The first state to effectively legalize medical cannabis was California in 1996, when voters approved Proposition 215 by a 56–44 margin. Several states followed with successful ballot initiatives in 1998, and in 2000 Hawaii became the first to legalize through an act of state legislature. By 2016, legalization of medical cannabis had spread to a majority of states.
At the federal level, cannabis remains a prohibited substance by way of the Controlled Substances Act of 1970. Under the CSA, the Drug Enforcement Administration classifies cannabis as a Schedule I drug, determined to have a high potential for abuse and no accepted medical use – thereby prohibiting its use for any purpose.
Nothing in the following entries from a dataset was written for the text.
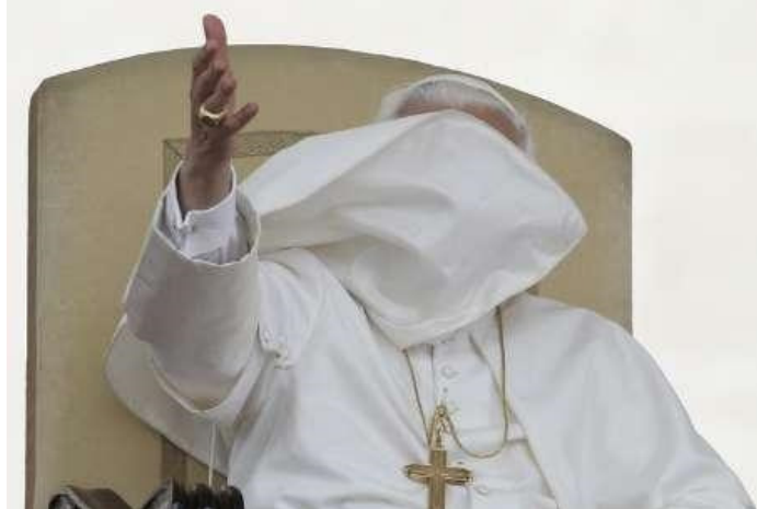
A sok támadás lassan eltakarja az emberek előtt a pápa igazi arcát

Igazából nem kellene megdöbbennünk ezen a kampányon, hiszen mindig is a Katolikus Egyház és a pápa volt és lesz az istentelen erők fő ellensége. De mégis fel kell emelnünk a szavunkat, mivel tény, hogy gyengébb hitű testvéreinknek néhány ilyen cikk elegendő lehet az Egyházzal szembe fordulni. Szörnyű, hogy éppen azt a szervezetet támadják a pedofília (sajnos széles körben elterjedt) szörnyűsége miatt, amely a legtöbbet tesz ellene! Öntudatos és önálló gondolkodású katolikusként keressük meg azokat a cikkeket, amelyek bizonyítják, hogy a pedofília sokkal ritkábban fordul elő papok körében, mint azt sugallják, annál gyakrabban a családban, tanárok, kollégiumi nevelők, edzők részéről. Keressük meg azokat a cikkeket, amelyek leírják, hogy mit tett Benedek pápa a papi szexuális visszaélések visszaszorítása és felderítése érdekében! Hiszen a hittani kongregáció prefektusaként és járt el Marcial Degollado atyával szemben (a Legio Christi alapítója), aki seminaristákat rontott meg. Groer korábbi bécsi érseket is ő készítette lemondásra, amikor kiderült, hogy fiatal pap korában miket csinált (a kánoni eljárást mindketten csak idős koruk és rossz egészségügyi állapotuk miatt úszták meg). Pápaként pedig ő szigorította meg 2005-ben a kispapnak jelentkezők vizsgálatát, hogy kizárja homoszexuálisok
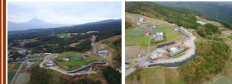
【全 景】 【6号函渠付近】

お世話になっております。 6号函渠のコンクリート打設は全て終了し、今月は5号函渠の鉄筋組立、型枠建込、コンクリート打設を行います。擁壁工は地盤改良、土砂掘削、補強土壁の施工、重力式擁壁の施工を行います。また恵明学園レベルバンク(終点側)では引続き土砂の搬入を行う予定です。土砂運搬や資機材搬入等、大型車両の出入りがありますが、交通ルールの厳守、安全運転及び一般車両優先を心掛けますので、ご理解とご協力をお願い致します。
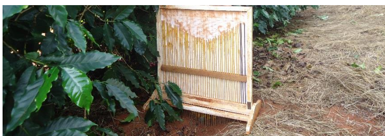
FIGURA 1. Utilização do perfilômetro na avaliação do índice de rugosidade do solo.

MATERIAL E MÉTODOS: O experimento foi realizado na Fazenda Gaúcha, situada no município de Presidente Olegário, Minas Gerais, em lavoura de Catuaí Vermelho IAC 144, com 10/11 anos de idade, em solo LV. Havia no solo cerca de 10 sacas de café ben. ha -1 , podendo considerar esta, uma situação de média quantidade de café no chão. Os tratamentos foram constituídos de três manejos de solo subsolado (ST- Subsolador e Trincha, SG- Subsolador e Grade, SGT- Subsolador, Grade e Trincha) além de um controle, sem subsolagem. A subsolagem e seus tratos posteriores foram realizados por um subsolador semi-halado de duas hastes da marca Ykeda, Trincha FLV175 da marca Herder e uma grade leve tipo tendem 1BJX-1,7 com disco de 16” da marca Shengda. As operações de solo foram realizadas em setembro de 2014 e a arruação em julho de 2015. A varrição foi realizada por um conjunto mecanizado composto por trator John Deere 5425N e um Arruador/soprador Varre Tudo da marca Mogiana. O delineamento experimental utilizado foi o de faixa. A avaliação do índice de rugosidade da área foi obtida por meio de um perfilômetro com 40 hastes espaçadas em 1 cm, em 25 pontos avaliados por tratamento (Figura 1). As hastes deste aparelho copiam o perfil do solo, sendo possível verificar a rugosidade do local onde se passou a ponteira do subsolador, assim como os efeitos dos manejos realizados após a operação de subsolagem.
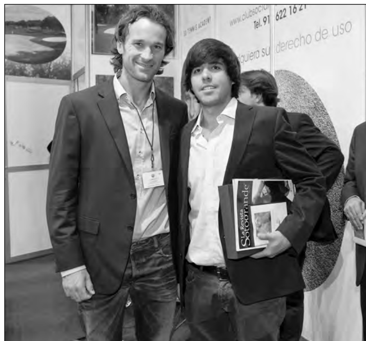
Carlos Moyá y Javier Ballesteros, dos de los ilustres visitantes de la Feria.

El éxito cosechado por madridGOLF este año también se ha visto reflejado en la participación e implicación de todos los visitantes en las actividades de ocio y entretenimiento organizadas por los expositores. Consecuentes con el lema del encuentro, "Descubre un universo de golf", la Real Federación Española de Golf ha ofrecido "Bautismos de Golf" a los que han querido iniciarse en este deporte y el Putting-Green ha sido una de las zonas más concurridas del certamen, al igual que las pruebas de putt y preguntas sobre Severiano Ballesteros de la mano de Mercedes Benz. También la Zona de Juego Corto de Reale ha obtenido gran número de participantes en sus concursos, así como el siempre abarrotado Hoyo 19 -el bar de la feria- patrocinado por Osborne y Cinco Jotas.
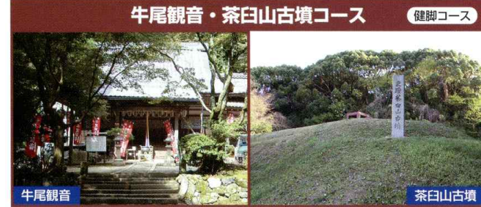
牛尾観音・茶臼山古墳コース
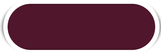
VINHO N° 15
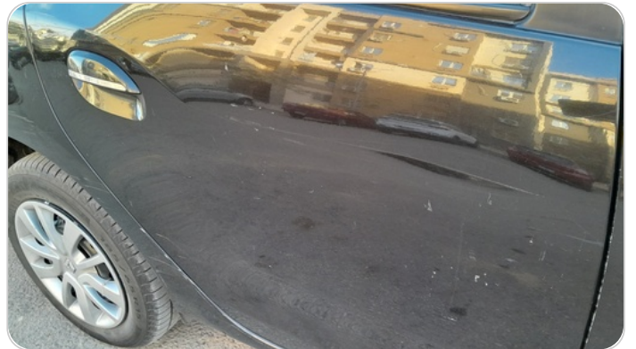
الباب الخلفي يمين : فبريكة (خرايش)
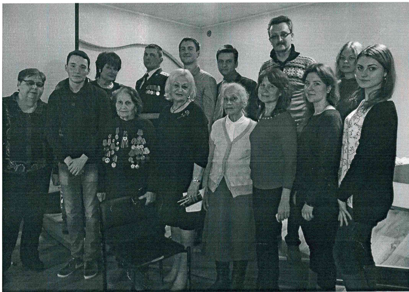
Встреча поколений в канун Дня защитника Отечества.
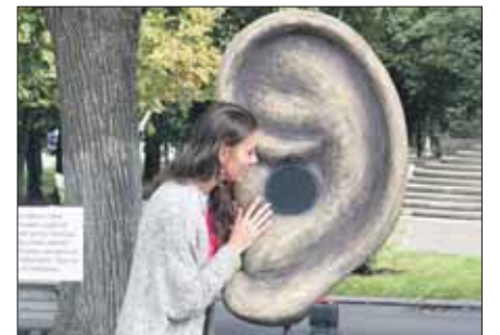
На ухо можно шепнуть о проблемах, возникших при оформлении документов

На ВДНХ прошёл масштабный праздник в честь четырёхлетия центров госуслуг «Мои документы». На главной выставке была установлена необычная инсталляция — «Ухо» центров госуслуг «Мои документы».
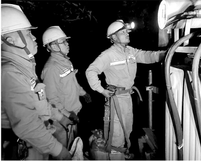
Công nhân Công ty Điện lực Tuyên Quang kiểm tra lưới điện, đảm bảo phục vụ điện cho sản xuất, sinh hoạt.

Việc điều chỉnh khung giờ tính giá điện cao điểm theo Quyết định số 963/QĐ-BCT ngày 22-4-2026 của Bộ Công Thương sẽ tạo ra những tác động trực tiếp đến hoạt động sản xuất, kinh doanh. Trong bối cảnh giá điện giờ cao điểm cao gấp khoảng 2 - 3 lần so với giờ thấp điểm, ngành Điện, doanh nghiệp, hộ kinh doanh, mỗi gia đình trên địa bàn tỉnh đã chủ động triển khai các giải pháp thích ứng nhằm giảm chi phí, duy trì ổn định hoạt động.
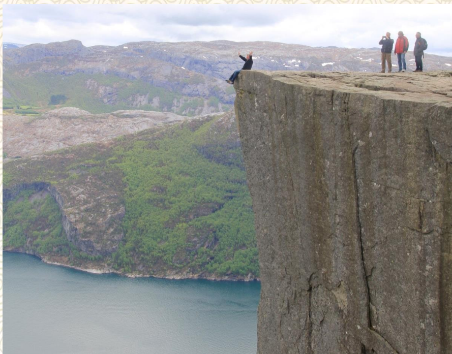
无比壮阔的吕瑟峡湾

生活是一个充满精彩的大舞台，用镜头捕捉生活的细节，异国的风情与独特，文化的冲击与交融，生动的画面，足以让一切的一切，尽在不言中。镜头下，海外交流中一个又一个扣人心弦的瞬间，一段又一段回忆，定格为永恒。
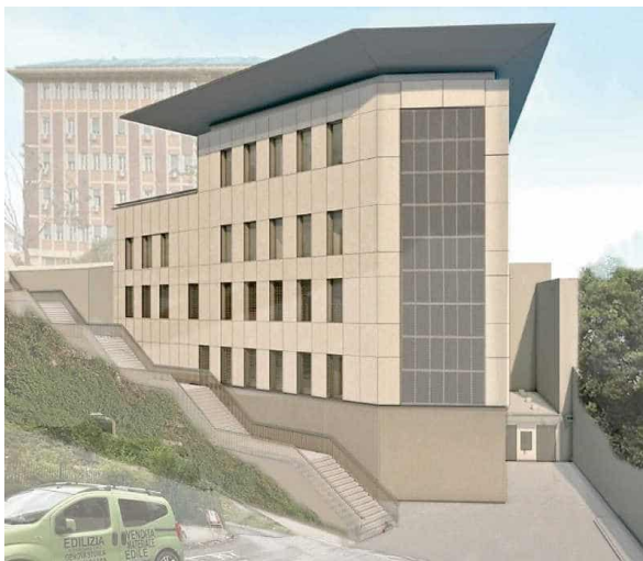
Un rendering della struttura che dovrebbe sorgere in via Bainsizza

Un nuovo operatore privato nel campo della sanità è pronto a sbarcare a Genova. Si tratta del colosso europeo Amethyst , che si occupa di radioterapia oncologica in sei nazioni del continente: Francia, Austria, Regno Unito, Polonia, Romania e Italia. In Italia Amethyst ha iniziato la sua attività nel 2017 all'ospedale Fatebenefratelli di Roma, per poi allargarsi nel 2022 all'ospedale San Carlo di Potenza, dopo aver chiuso il presidio nella Capitale. A Genova, su progetto dello studio di ingegneria Mcm e con un investimento da oltre sei milioni di euro, il gruppo internazionale della sanità privata è pronto a costruire una palazzina di cinque piani in via Bainsizza, nel quartiere di Sturla, proprio di fronte all'attuale sede dell'Asl 3, sfruttando un terreno un tempo di proprietà di Arte , l'agenzia territoriale per l'edilizia di Genova e provincia. A supportare la sanità pubblica, quindi, ecco un altro operatore che ha deciso di investire nella città. Amethyst opera normalmente in regime di outsourcing, ovvero esternalizzazione da parte delle aziende sanitarie pubbliche che, in questo modo, cercano di ottimizzare il servizio. La palazzina

The Justice Department has enforced this policy through various means, including criminal prosecutions, civil asset forfeiture, and paramilitary-style raids targeting medical cannabis providers, and various penalties threatened or initiated against other individuals involved in state-legal medical cannabis activities (doctors, landlords, state officials and employees). In December 2014, however, the Rohrabacher–Farr amendment was signed into law, prohibiting the Justice Department from spending funds to interfere with the implementation of state medical cannabis laws.
Public support for allowing the medical use of cannabis has remained strong since Gallup first polled the subject in 1999, finding 73% in favor. An April 2021 Pew poll found national support at 91%.